While most baseball fans wouldn’t like to hear their game placed on the level of disco, both popular music and spectator sports exist largely for the enjoyment of the fan. They create pleasure in your life. Both can reflect and illuminate a nation’s culture, but neither is central to it.

However, I’m not sure if Reynolds ever makes that particular point too clearly. Many of the elements are introduced, but they aren’t put together so forthrightly. Instead, he spends several pages wrestling with the notion of what the game meant even if he can’t say it meant that much.

Though the book ultimately fails to unite its strands, that does not mean it’s a bad book. As I just noted, both the baseball and busing sections are very good. He glosses over some parts of the game—the fourth inning lasts three sentences for instance, and the fifth inning is about as long—but does a wonderful job discussing the parts on which he does dwell. His accounts of Dent’s (in)famous seventh inning at-bat and Piniella’s defensive gamesmanship in the ninth are both spectacular.

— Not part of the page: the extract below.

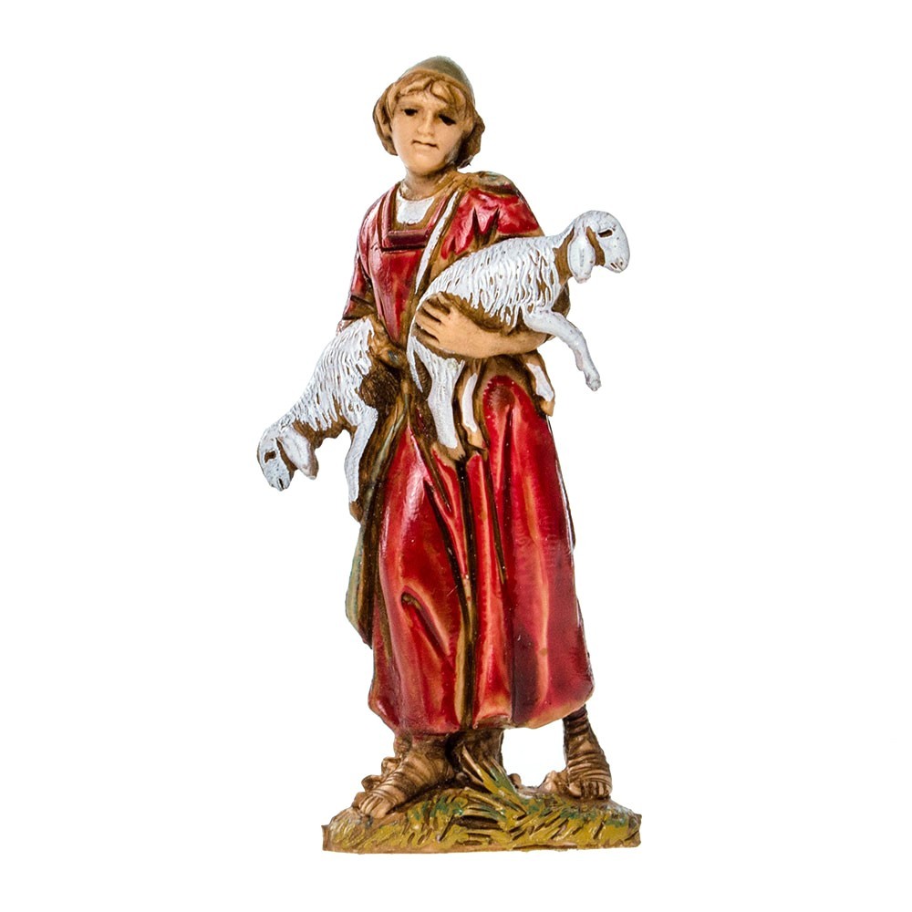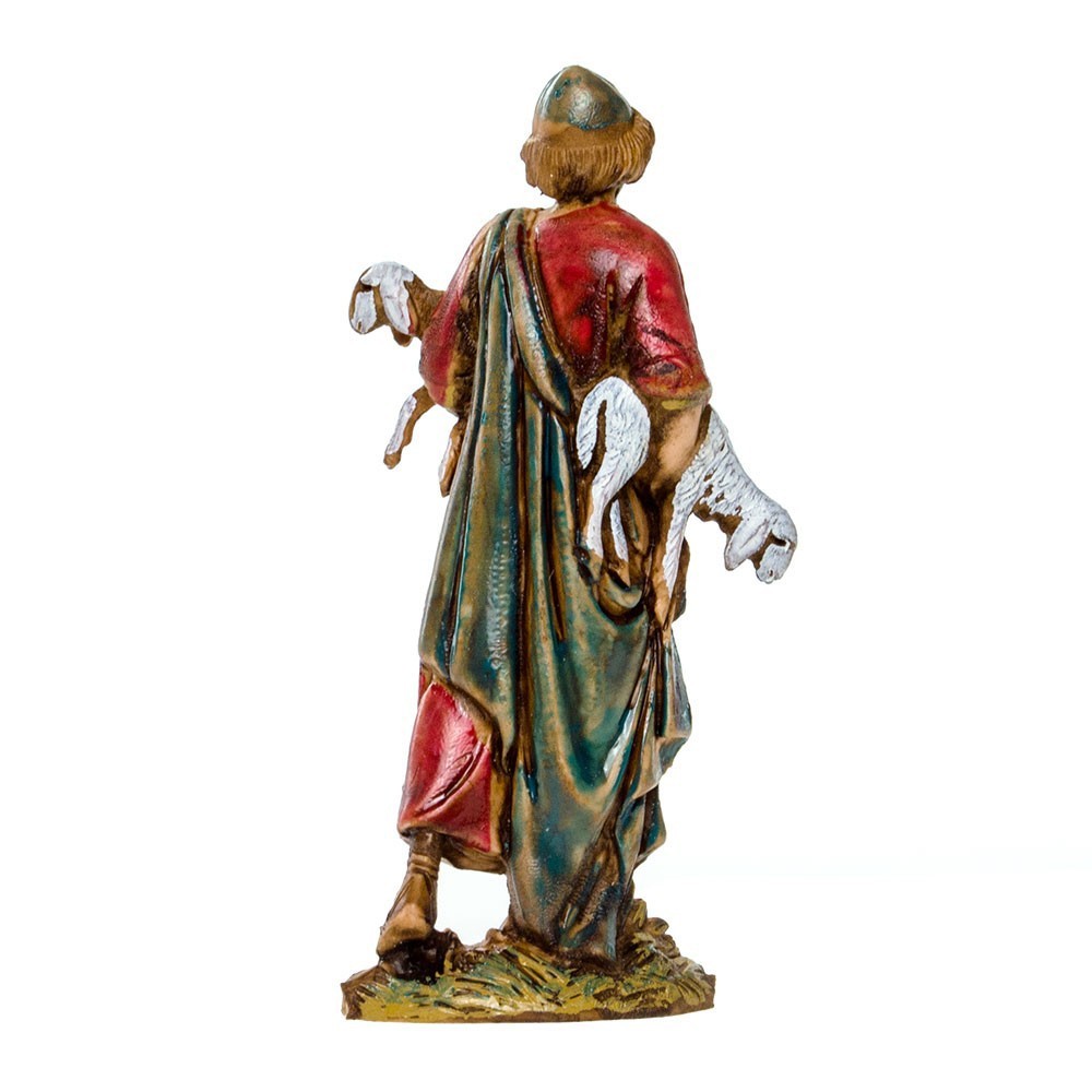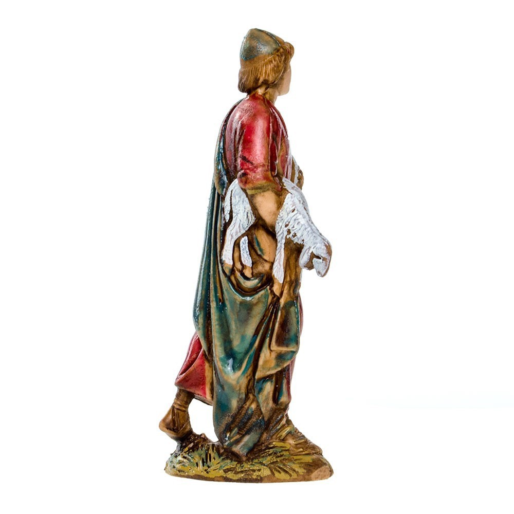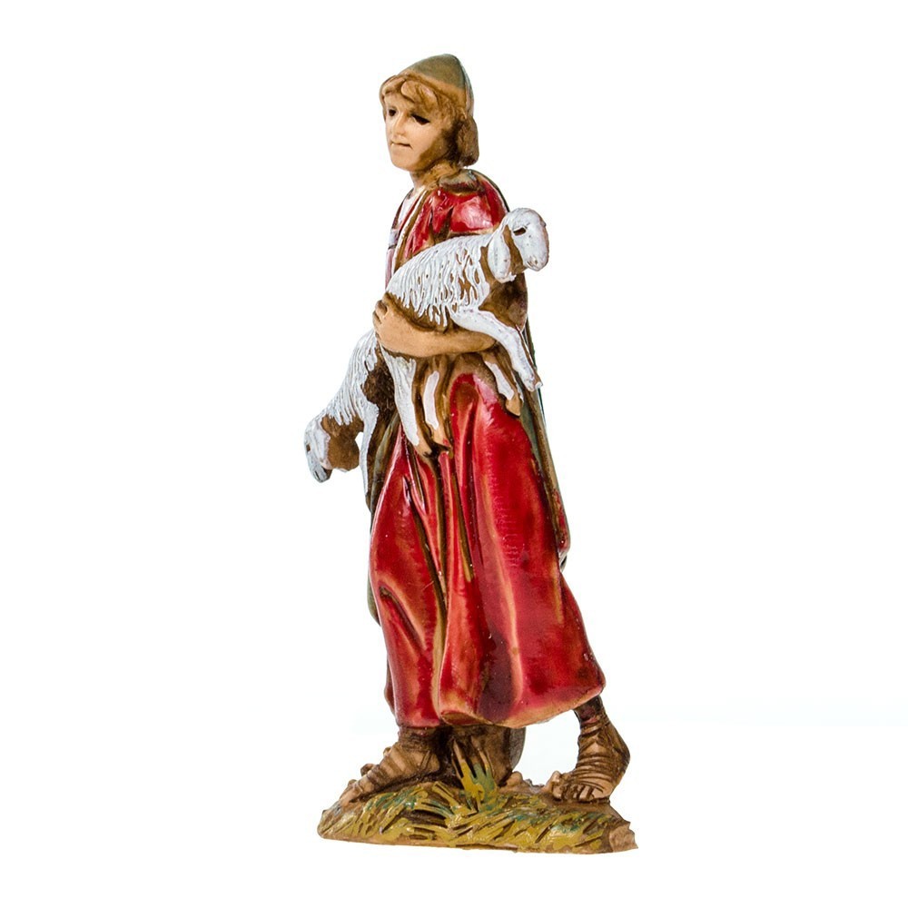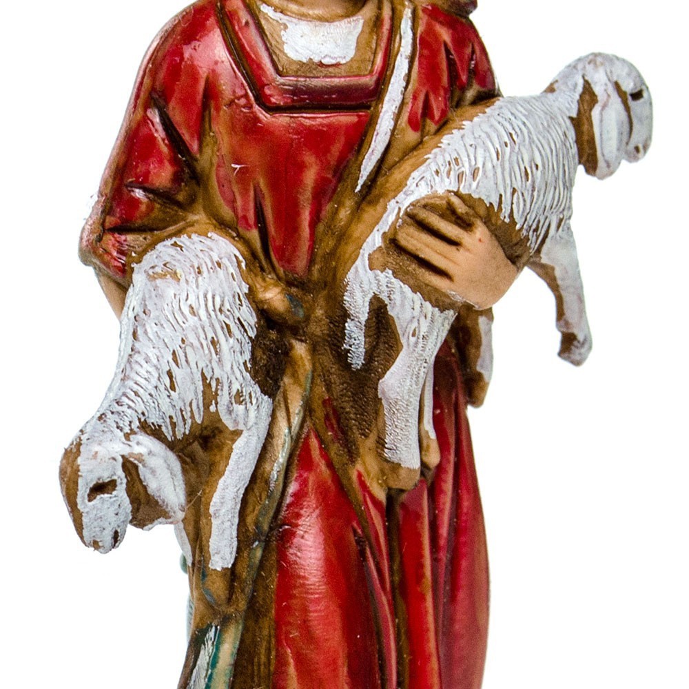 Pastore con Pecore del il Presepe Landi da 6,5 cm. Questo pastorello sta camminando con delle pecorelle in braccio. Realizzato in Italia in materiale PVC.

Though the book is centered on the game, it really spends most of its time detailing the history of busing in Boston. He regards the entire process as an example of the road to hell being paved with good intentions. However well meaning it was, it turned prejudice into hatred in the white communities. Even in black areas, support for busing fell from half of those polled when it began to only one in eight several years later.

A main knock with this book was that it told the story almost exclusively from the point of view of whites. The central controversy involved the interaction between whites and blacks, and Reynolds at least explores the notion of how the game affected the city’s racial climate, but only one side of the story is really made clear.

There are occasions when black voices come through, but they are rare. Reynolds includes a two-page segment about Howard Bryant, the African-American author who wrote Shut Out: A Story of Race and Baseball in Boston. Bryant reminisced how all the older people in his Boston neighborhood hated the Red Sox because they were the last team to integrate. If this was a widespread sentiment among Boston’s blacks, it should be explored in more detail than just two pages. However, aside from depictions of black Red Sox like Rice, the rest of the book focuses on the white parts of Boston.

I enjoyed this book far more than I expected to because of its considerable strengths. Though it couldn’t quite fuse its elements, Reynolds didn’t try to force fusion to occur.

References & Resources
Obviously, the main source for this is: Bill Reynolds. ’78: The Boston Red Sox, A Historic Game, and a Divided City. New York City: New American Library, 2009.

That being said, a really great book is: David Remnick. King of the World: Muhammad Ali and the Rise of an American Hero. New York City: Random House, 1998.